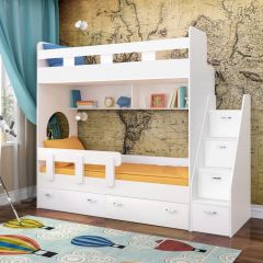 Двухъярусная кровать «Юниор 1» от ЯРОФФ, представленная в каталоге детской многофункциональной мебели, станет отличным решением при обустройстве комнаты ребенка, а также его стильным и ярким, оригинальным дополнением. Двухъярусная кровать-чердак «Юниор 1» выполнена в сочных оттенках, при этом вы легко можете выбрать наиболее подходящую расцветку каркаса и фасада, которая оптимально впишется в ваш интерьер и будет соответствовать пожеланиям как родителей, так и хозяина комнаты. У кровати два спальных места, на втором этаже имеется бортик для безопасности. Выкатные ящики под спальным местом на нижнем ярусе и в лестнице позволяют разместить все необходимые вещи и поддерживать порядок в комнате.
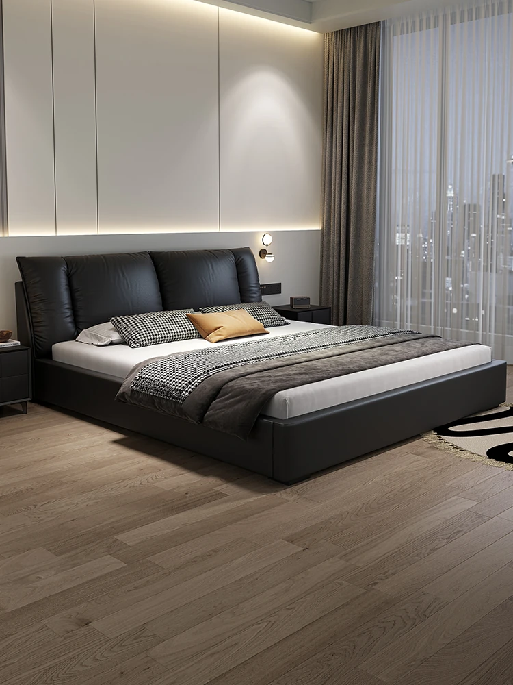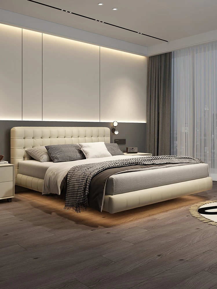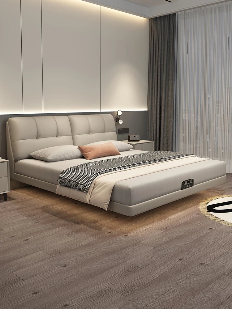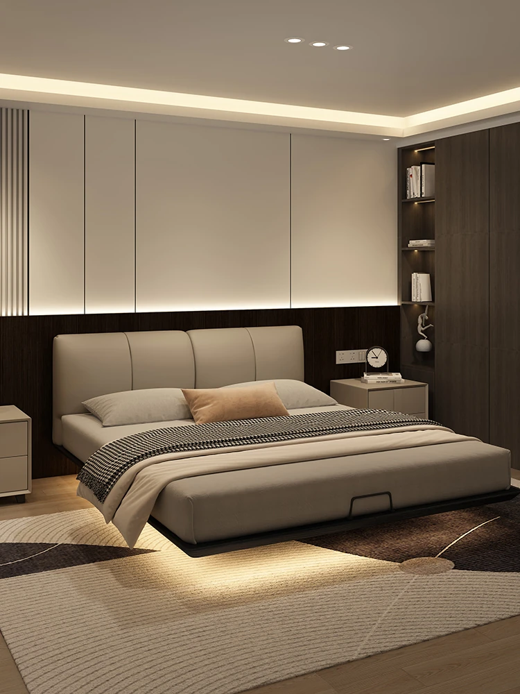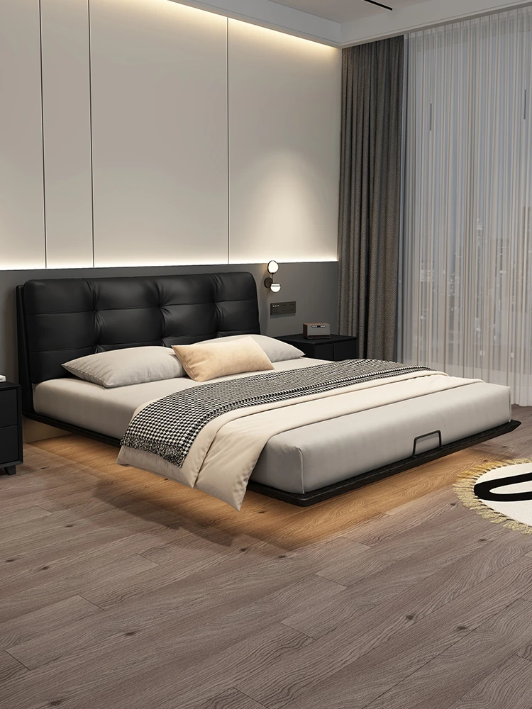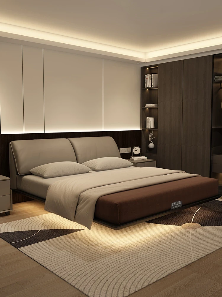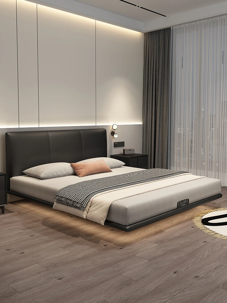 Kadeer Floating Genuine Leather Bed - Italian Minimalist Double Bed for Master Bedroom, High-End Modern Design, New Arrival 2024
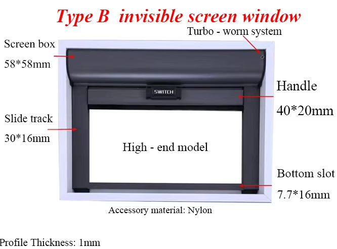 Nom du produit:Fenêtre à moustiquaire invisible à enroulement
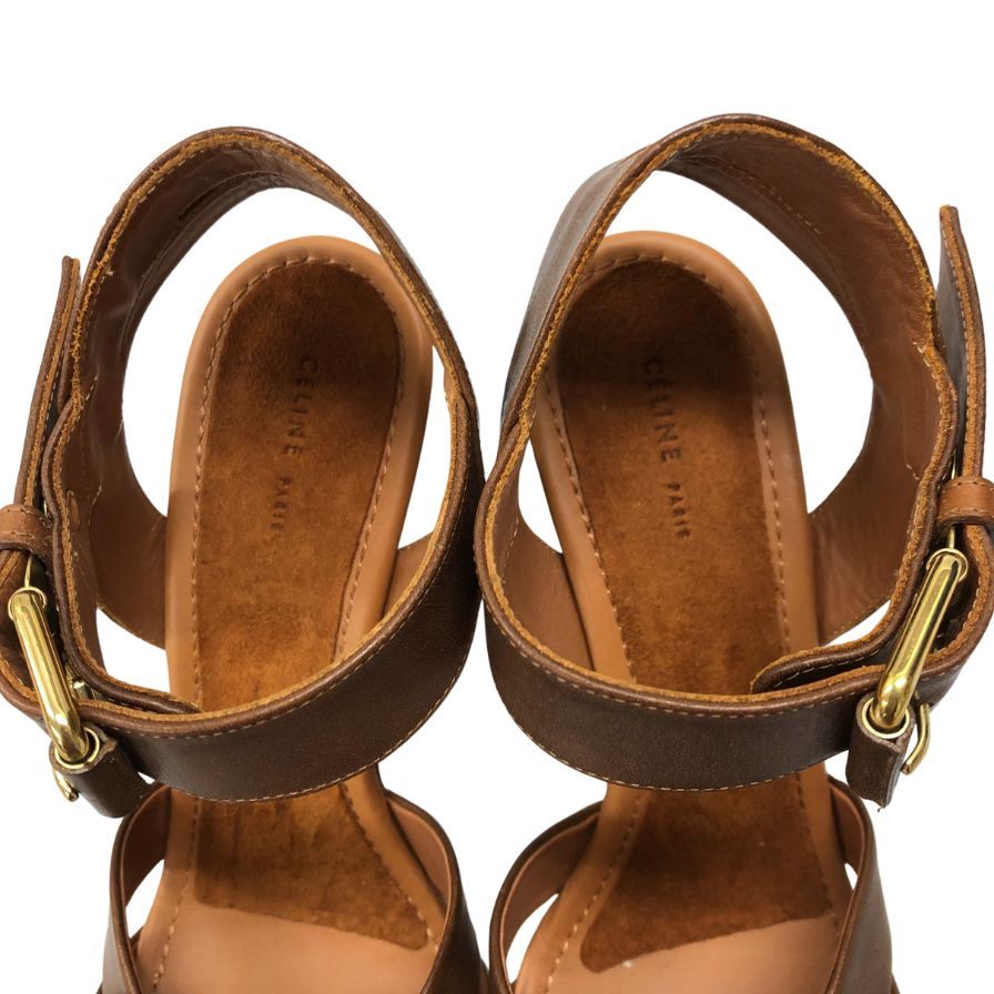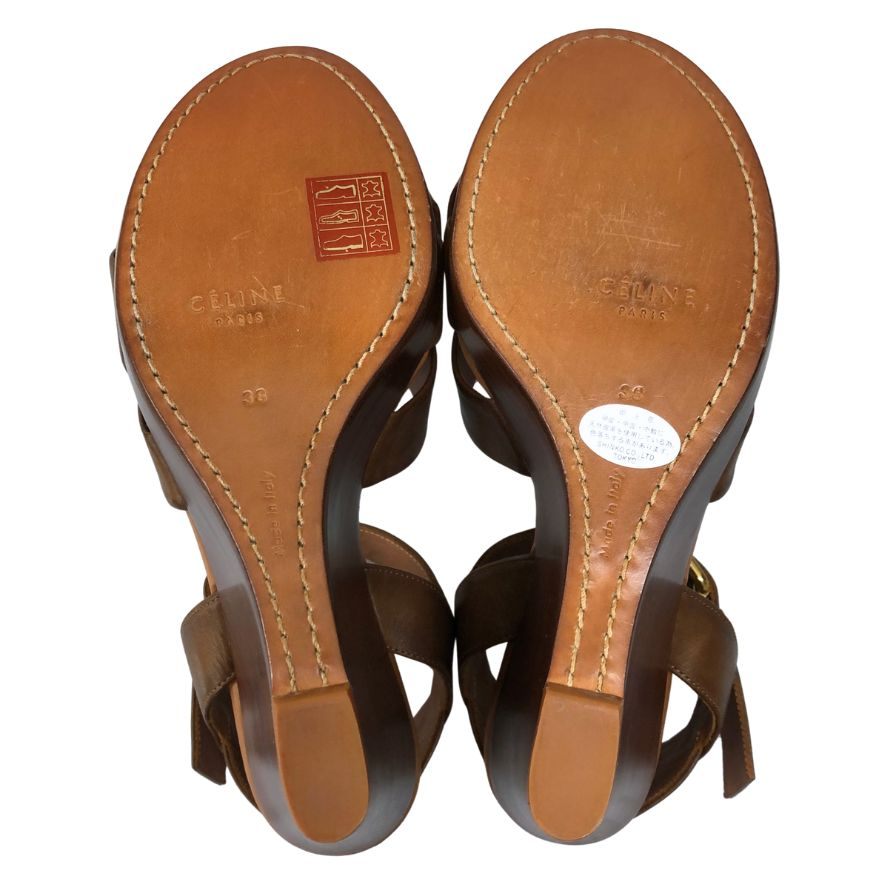 セリーヌ サンダル オープントゥ ウェッジソール レザー ブラウン レディース サイズ38 CELINE 約24.5cm【AFD2】
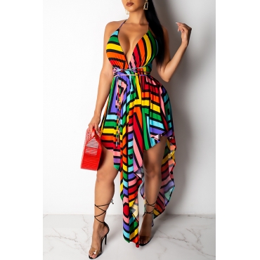 Lovely Sexy Deep V Neck Striped Printed Asymmetrical Mini Dress
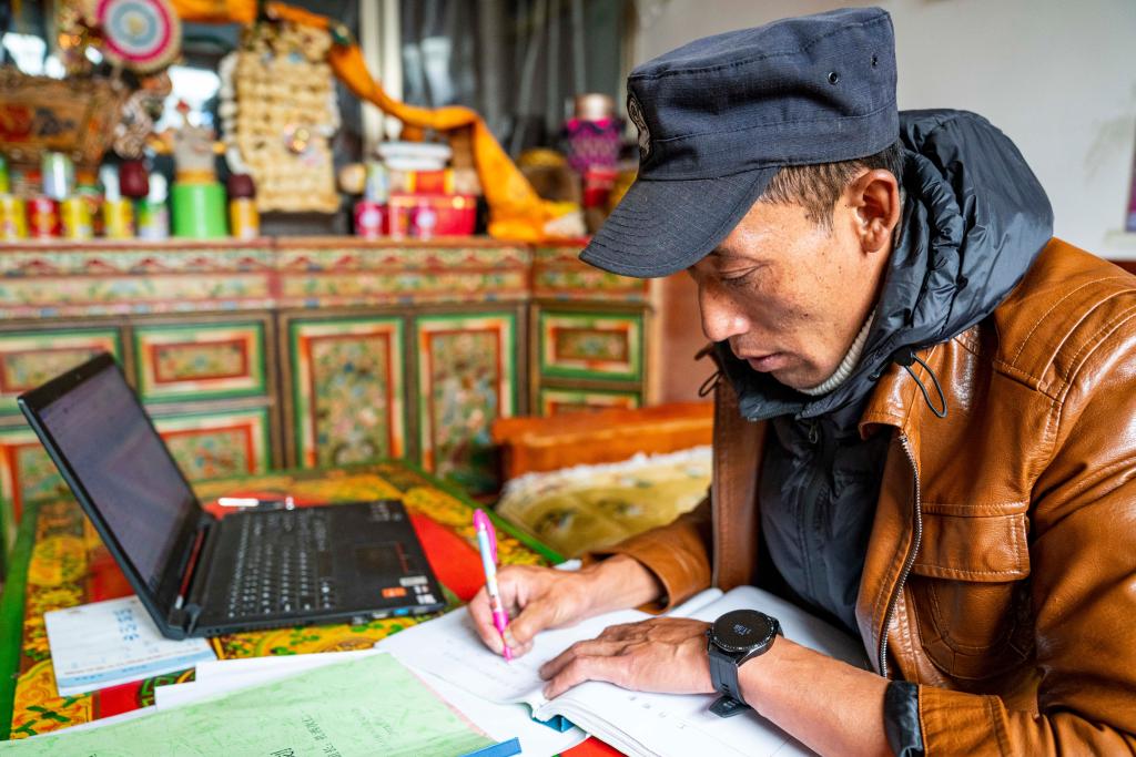 扎西次仁在填写工作日志(6月30日摄)。新华社记者 孙非 摄

Task requirements
Beginning with the line that contains "Nom du produit:Fenêtre" in the data above, please copy each line exactly until the last line, both ends included, skipping any pictures.

Solved exercise
 Nom du produit:Fenêtre à moustiquaire invisible à enroulement
 セリーヌ サンダル オープントゥ ウェッジソール レザー ブラウン レディース サイズ38 CELINE 約24.5cm【AFD2】
 Lovely Sexy Deep V Neck Striped Printed Asymmetrical Mini Dress
 扎西次仁在填写工作日志(6月30日摄)。新华社记者 孙非 摄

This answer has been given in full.